REPUBLIKA.CO.ID, JAKARTA -- Wakil Ketua Umum Majelis Ulama Indonesia (MUI) Kiai Haji Marsudi Syuhud menilai program makan siang dan susu gratis merupakan terobosan untuk menciptakan generasi Indonesia Emas 2045 lantaran merupakan penunjang kesenjangan sosial.
Menurut dia, kesejahteraan masyarakat harus dibangun dengan hadirnya negara dalam usaha meningkatkan kualitas hidup sosial, salah satunya melalui makan siang dan susu gratis, yang sering disalahartikan oleh para kritikus sebagai program pemborosan.
"Para kritikus seharusnya melihat realitas kehidupan masyarakat bahwa kesenjangan sosial memerlukan terobosan yang ready to serve, bukan sekadar ready to act," ujar Marsudi dalam keterangan resmi di Jakarta, Jumat.

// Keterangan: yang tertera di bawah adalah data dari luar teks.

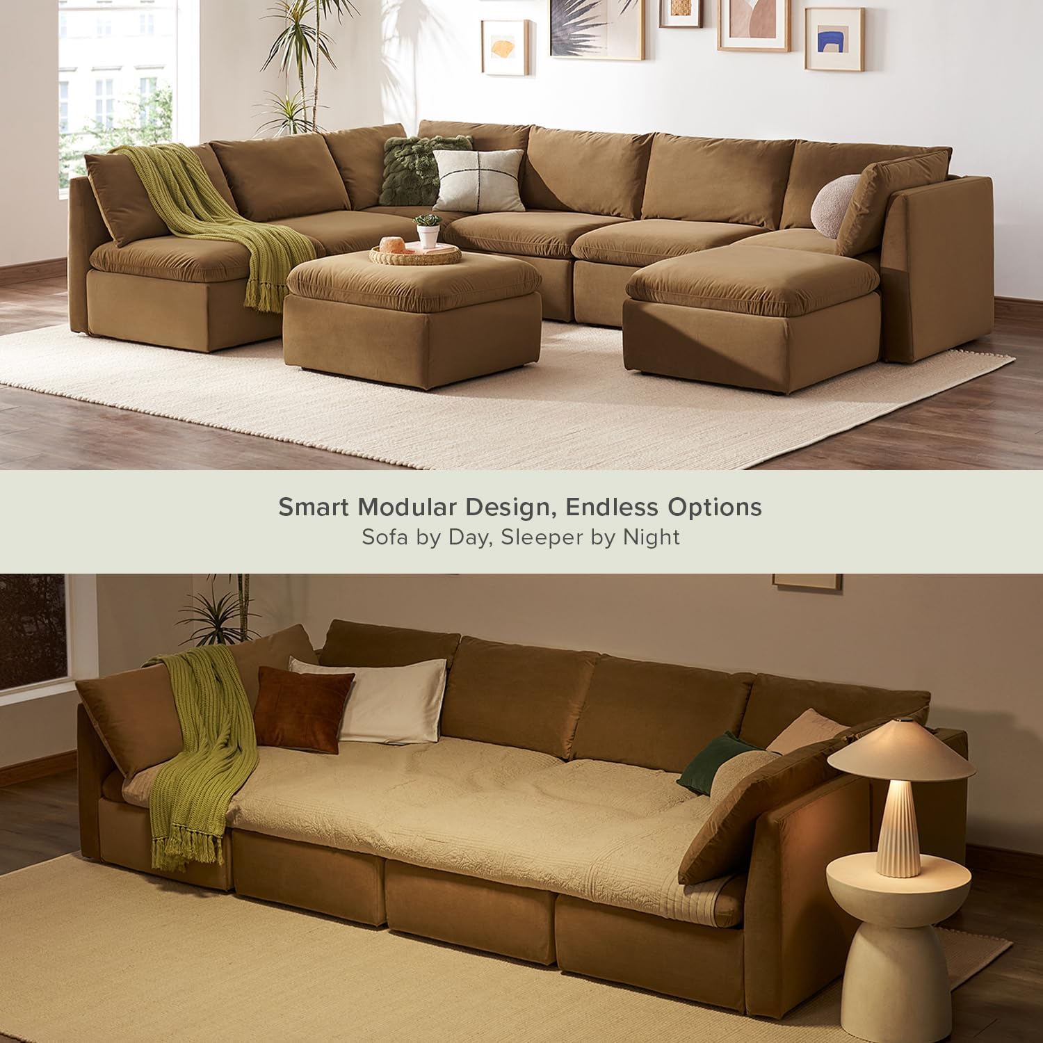 mopio Oversized Modular Sectional Sofa with Fully Removable Covers and Storage, Convertible U, L-Shaped and Sleeper Sectional, Modern Couches with Ottoman Chaise (Hazelnut Velvet, 8 Seats, Sleeper)

Untuk itu, dia berharap menjaga ketersediaan gizi bagi anak-anak sekolah hingga anak-anak muda menjadi budaya atau kebiasaan masyarakat ke depannya karena mereka merupakan tumpuan dan lini terdepan dalam pembangunan kualitas manusia Indonesia.
Anak-anak muda atau Gen Z, kata Marsudi, menempati jumlah populasi terbesar dari kelompok umur yang akan menentukan masa depan Indonesia ke depan.
Dalam Rencana Pembangunan Jangka Panjang Nasional (RPJPN) 2025—2045, delapan misi menuju Indonesia Emas menempatkan anak-anak muda bukan hanya sebagai objek, melainkan juga subjek pembangunan sehingga harus diiringi dengan kualitas bibit unggul.
Dengan demikian, kata dia, anak-anak Indonesia yang saat ini baru lahir atau sedang berada pada usia pendidikan awal harus diusahakan kecukupan gizinya agar mampu menjadi generasi unggul.
"Agar mereka menjadi role player of the game, merekalah pemain inti dalam Indonesia Emas 2045," ucap pengasuh Pesantren Ekonomi Darul Uchwah tersebut.
Maka dari itu, dia menuturkan bahwa Indonesia beruntung karena Pasangan Calon Presiden dan Wakil Presiden RI terpilih Prabowo Subianto-Gibran Rakabuming Raka mempunyai visi dan misi dalam kepedulian terhadap kesejahteraan masyarakat sebagai prioritas pembangunan.
Hal tersebut, menurut Marsudi, merupakan Sebuah program welfare state development (pembangunan kesejahteraan negara) yang menempatkan warga negara sebagai kekuatan sosial sesuai amanat Undang-Undang Dasar (UUD) 1945.
Selain kecukupan gizi, lanjut dia, persoalan lain yang tak kalah penting adalah infrastruktur penunjang dalam pembelajaran lantaran sekolah bukan sekadar proses datang pagi dan pulang siang.
Sejak anak hendak berangkat dan dalam perjalanan, dia menyebutkan infrastruktur, baik fisik maupun sosial, seperti hadirnya keamanan dan ketertiban yang menjadi penting.
"Ketika bersekolah, bukan sekadar menerima ilmu saja, melainkan pembangunan kualitas sumber daya manusia diciptakan melalui pendidikan akhlak dan sosial, yang belakangan sejak era reformasi ini mulai kurang," tutur Marsudi.
Oleh karena itu, dia menilai Pancasila sebagai pedoman bangsa harus menjadi garis batas sosial pembentukan perilaku Generasi Emas 2045.
Dalam hal tersebut, dia berpendapat bahwa perilaku masyarakat juga perlu mendapat perhatian khusus untuk melakukan lompatan pembangunan itu sehingga perlu dibuatkan pedoman sosial bermasyarakat agar Indonesia tetap menjadi negara santun dengan semangat gotong royong.